The quiet streets and scarce foot traffic don’t reflect the state of economic and population explosion in this city. It’s the largest in the state, and it’s growing fast. Census Bureau estimates show they are one of less than 100 metro areas in the U.S. that saw their populations grow by at least 10 percentage points in the last 10 years.

“The economy here is good, real good,” said Weiland, who just returned from a folk festival at Newton Hills State Park where he camped with his granddaughter.

He pointed to economic opportunity made available by several sectors rather than a reliance on one. “So healthcare is the main one, but there is also banking, which is kind of big here as well, and light manufacturing,” he said.

Despite running for a Senate seat held by then-retiring Democratic Sen. Tim Johnson in 2014, Weiland knew he was running in a conservative state. He faced former governor Republican Mike Rounds and independent Larry Pressler.

As any populist ought to be, Weiland was ahead of his time in 2014. He took on his party’s establishment because he wasn’t then-Senate Majority Leader Harry Reid’s choice to run in that race: Stephanie Herseth Sandlin was. Weiland, in turn, let Reid know he wasn’t Weiland’s choice for majority leader if he won the seat.

In the end, Herseth Sandlin decided not to run, and Weiland won the primary.

In the general election, the press got excited. Many D.C.-based journalists flew here to cover the race, reporting it was going be a close one. In the end, it wasn’t, in part because the belief took hold that Weiland was more liberal than populist. “I don’t think I was,” he says. “I think I got tagged being liberal because I didn’t support the Keystone Pipeline.”

Rounds won the seat easily, but that doesn’t mean Weiland lacked an impact. He spent 2014 also campaigning for a higher minimum wage, and that ballot measure won 55% of voters support on a ballot measure.

And in 2016 as Donald Trump was winning the state by a whopping 30 percentage points, another ballot measure, this one decreasing that same minimum wage for workers under 18 years old, failed.

Sioux Falls businessman and former Democratic U.S. Senate candidate Rick Weiland is seen at a bistro in Sioux Falls, South Dakota.
Sioux Falls businessman and former Democratic U.S. Senate candidate Rick Weiland is seen at a bistro in Sioux Falls, South Dakota.

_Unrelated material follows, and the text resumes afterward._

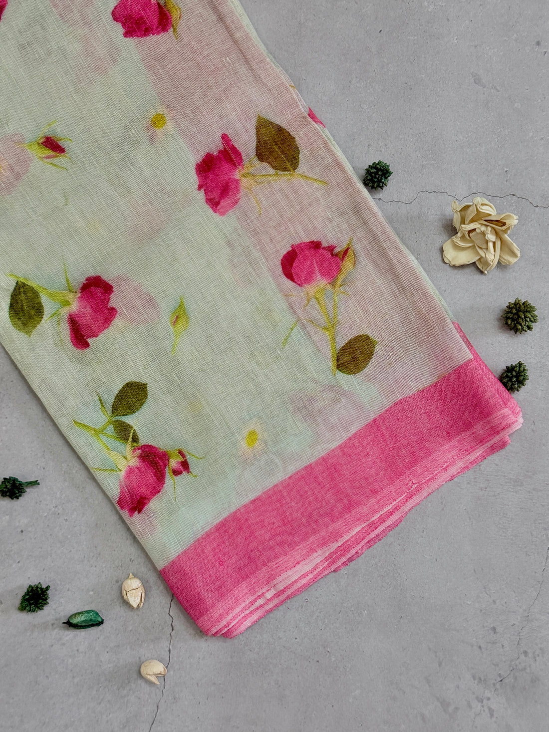 Mridula | Beige and Pink Floral Printed Linen Silk Saree

Weiland says he will not run for office again and is cured of the bug. “I think so, I think so,” he says.

As a local musician crooned folk sounds and the patio at the bistro started to fill up, Weiland decided to do a little bragging of his hometown he said gave him and his five children all a sense of place. “So, Cher was in town about two or three months ago, right? Out at the new event center. Someone from her staff called down here to get a meal for her. She ordered the Buddha Bowl, and the staff was so pumped, of course my wife and my two girls were on their way out to the concert when the call came in.”

You definitely get the idea Weiland, whose 91-year-old mother lives not far from here, not only fits in better here than in Washington where he lived for a handful of years, but also that he can make that difference without being elected.